Last week we looked at a basic electric relay and saw how it was used to facilitate a choice in electricity flow between two paths in a circuit. Now let’s see what happens when we put a relay to use within a basic industrial control system making use of lit bulbs.
Figure 1
Figure 1 shows an electric relay that’s connected to both hot and neutral wires. At the left side is our pushbutton and the hot wire, on the right two bulbs, one lit, one not, and the neutral wire. No one is depressing the pushbutton, so an air gap exists, preventing current from flowing through the wire coil between the hot and neutral sides. With these conditions in place the relay is said to be in its “normal state.”
The relaxed spring positioned on the relay armature keeps it touching the N.C. contact. This allows current to flow between hot and neutral through the armature and the N.C. contact. When these conditions exist the red bulb is lit, and this is accomplished without the need for anyone to throw a switch or press a button. In this condition the other lamp will remain disengaged and unlit.
Now let’s refer to Figure 2 to see what happens when someone presses the button.
Figure 2
When the button is depressed the air gap is eliminated and the coil and wire become magnetized. They will attract the steel armature closer to them, the spring to expand, and the armature to engage with the N.O. contact. Under these conditions current will no longer flow along a path to light the red bulb because an air gap has been created between the armature and N.C. contact. The current instead flows through the N.O. contact, lighting the green bulb. It will stay lit so long as someone holds the button down.

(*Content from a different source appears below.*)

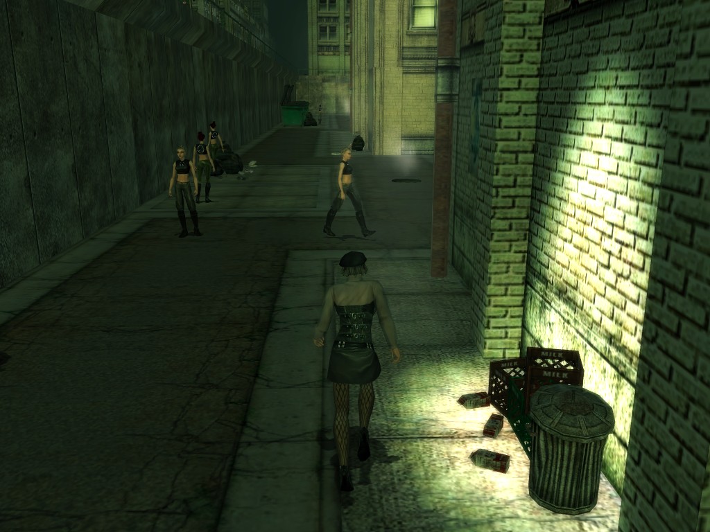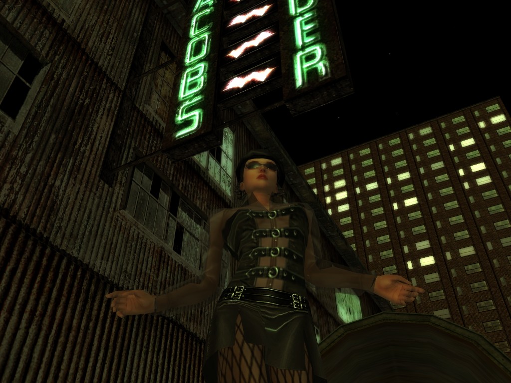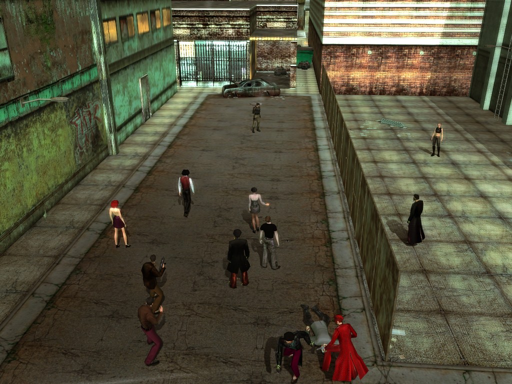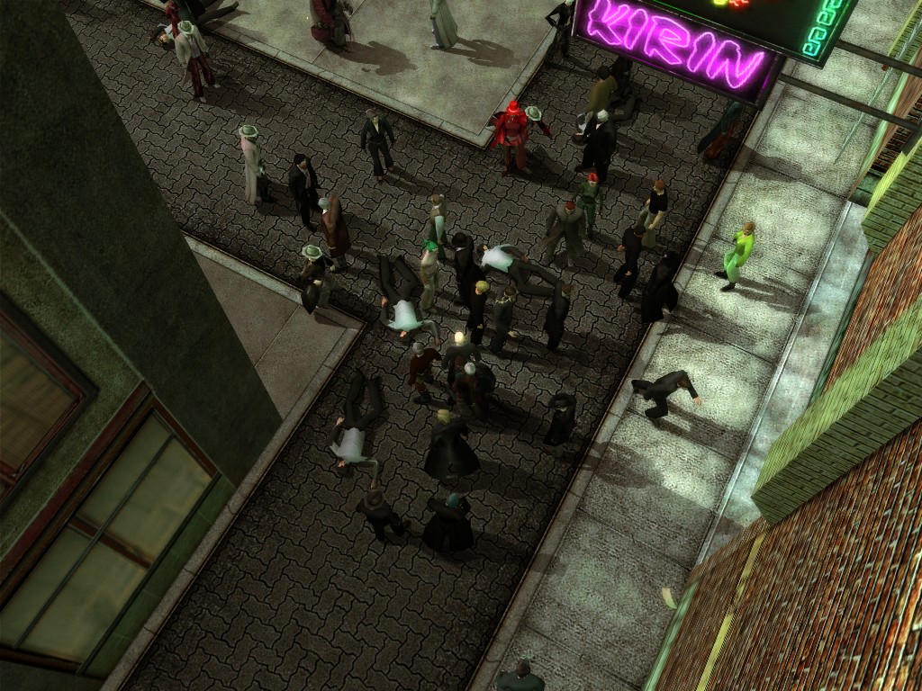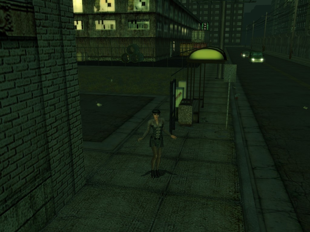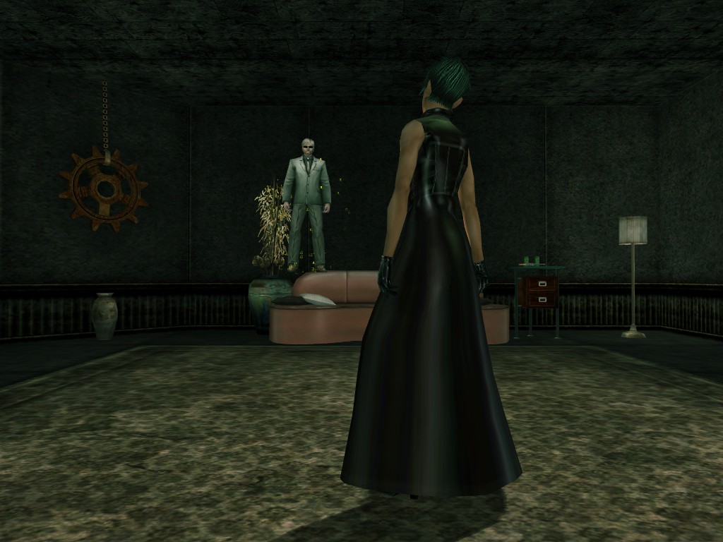 The body of our employee, wholly deceased, lies on the floor. Noticing nothing more of interest here, we might return outside, where our glance would naturally find its way to the gang members ceaselessly pacing about the vicinity. A quick check on these "Brothers of Destiny" uncovers a piece of information that would be more of the usual nonsensical filler found all too often in this dreary place, except that it brings to mind one of the rumors concerning the other party in question.

If our monkey were faced with the scenarios presented in Figures l and 2 and a banana was placed in the position of the red bulb, the cocaine in the position of the green, he might find that the regular delivery of bananas that takes place when the relay is in the N.C. contact position is enough to keep him happy. In this state he might be so full of bananas he won’t want to expend the energy to engage the button into the N.O. contact position for the delivery of cocaine.
Next time we’ll revisit the subject of ladder diagrams and see how they are used to denote the paths of electric relays.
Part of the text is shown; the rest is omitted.